The full record structure of a Fortran sequential binary file is:
[Length] [Record 1 data] [Length]
[Length] [Record 2 data] [Length]
[Length] [Record 3 data] [Length]
...
[End of file]
Each length indicator is usually a
single 4-byte
integer** that is the length in bytes of the
data portion of the record. The prefix and suffix lengths are the
same for each record. You can easily check the first record to
confirm or disprove that the file is really Fortran sequential.
If sequential, then by manual inspection you can *always* jump exactly
from the start to end of every record in the file, and thereby
determine the exact file offset and size of every record.
If you then compare the individual detected record sizes to the sizes
of the expected arrays, then you can start matching up variables to
record positions in the file. This will allow you to separate your 2D
and 3D arrays, for example.
This depends on the educated guess that each data variable was written
as a single Fortran sequential record. This is an assumption and is
not necessarily how they did it.
The Unix "od" command is helpful to inspect unknown files. You may
first need to convert a sample big endian file to little endian for
study, because I don't think od has an option to reverse the byte
order.
For example, this displays the start of the file as integers, allowing
you to see the length prefix integer on the first record. If this
integer matches the expected total size in bytes of one of your data
arrays, then you are on the right track:
od -Ad -i -N80 file.bin
By adding the -j option, you can offset to get the first record suffix
and the second record prefix. Suppose len(1) = 200, then offset 4 for
the first prefix plus 200 for the data:
od -Ad -i -N80 -j204 file.bin
Alternatively, you can use NCL to search for the length integers. The
example below reads the entire file as a single 1D array of integers,
then finds the start of each record by accumulating the offset.

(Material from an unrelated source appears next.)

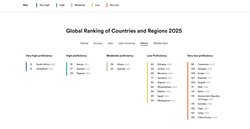 الدول العربية في إفريقيا بمؤشر كفاءة اللغة الإنجليزية 2025

The data size of each record and the prefix and suffix integers are printed:
setfileoption ("bin", "ReadByteOrder", "BigEndian")
idat = fbindirread ("jma_file", 0, -1, "integer")
dims = dimsizes (idat)
offset = 0
recnum = 0
do while (offset .lt. dims(0))
prefix = idat(offset)
print ("array size " + recnum + " = " + prefix/4)

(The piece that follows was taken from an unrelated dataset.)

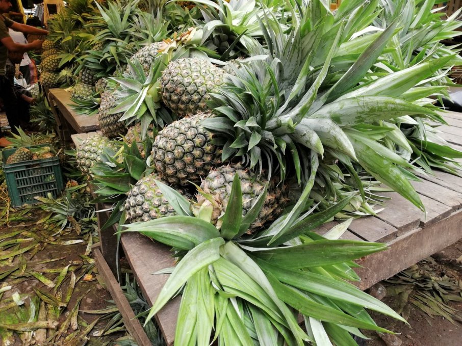 Egy utazós nap délelőttjén, indulásra készen, még egy utolsó pillantást vetettünk a szobánkra, amikor megakadt a szemünk egy illatos ananászon. Ott feküdt az asztalon, még előző nap vásároltuk, hogy majd vacsorára megesszük. De valahogy megfeledkeztünk róla. Mi legyen vele? Együk meg! Most azonnal! A következő pillanatban már MacW újságpapírra fektetve hámozta a trópusi gyümölcsöt, ami persze távolról sem ment olyan ügyesen, mint ahogy azt a helyiek játszi könnyedséggel teszik. Inkább kitartó ananász faragás volt, az édes ananászlé csurgott mindenfelé, mi pedig jókat nevettünk saját ügyetlenségünkön.

print ("prefix " + recnum + " = " + prefix)
offset = offset + 2 + prefix/4 ; start of next record
suffix = idat(offset-1)
print ("suffix " + recnum + " = " + suffix)
recnum = recnum + 1
end do
This loop will crash with a subscript error if the file is not Fortran
sequential, or certain other assumptions are wrong.
Once you have better information about the file format, you can move
on to actually reading selected data arrays from the file.
** Note: on some systems,
the record indicator size might be 8 bytes. This can happen if the
compiler uses the size of "off_t" to determine the record indicator
length. To force a 4-byte record indicator with the g77 or gfortran
compilers, you can recompile your code with the option
"-frecord-marker=4".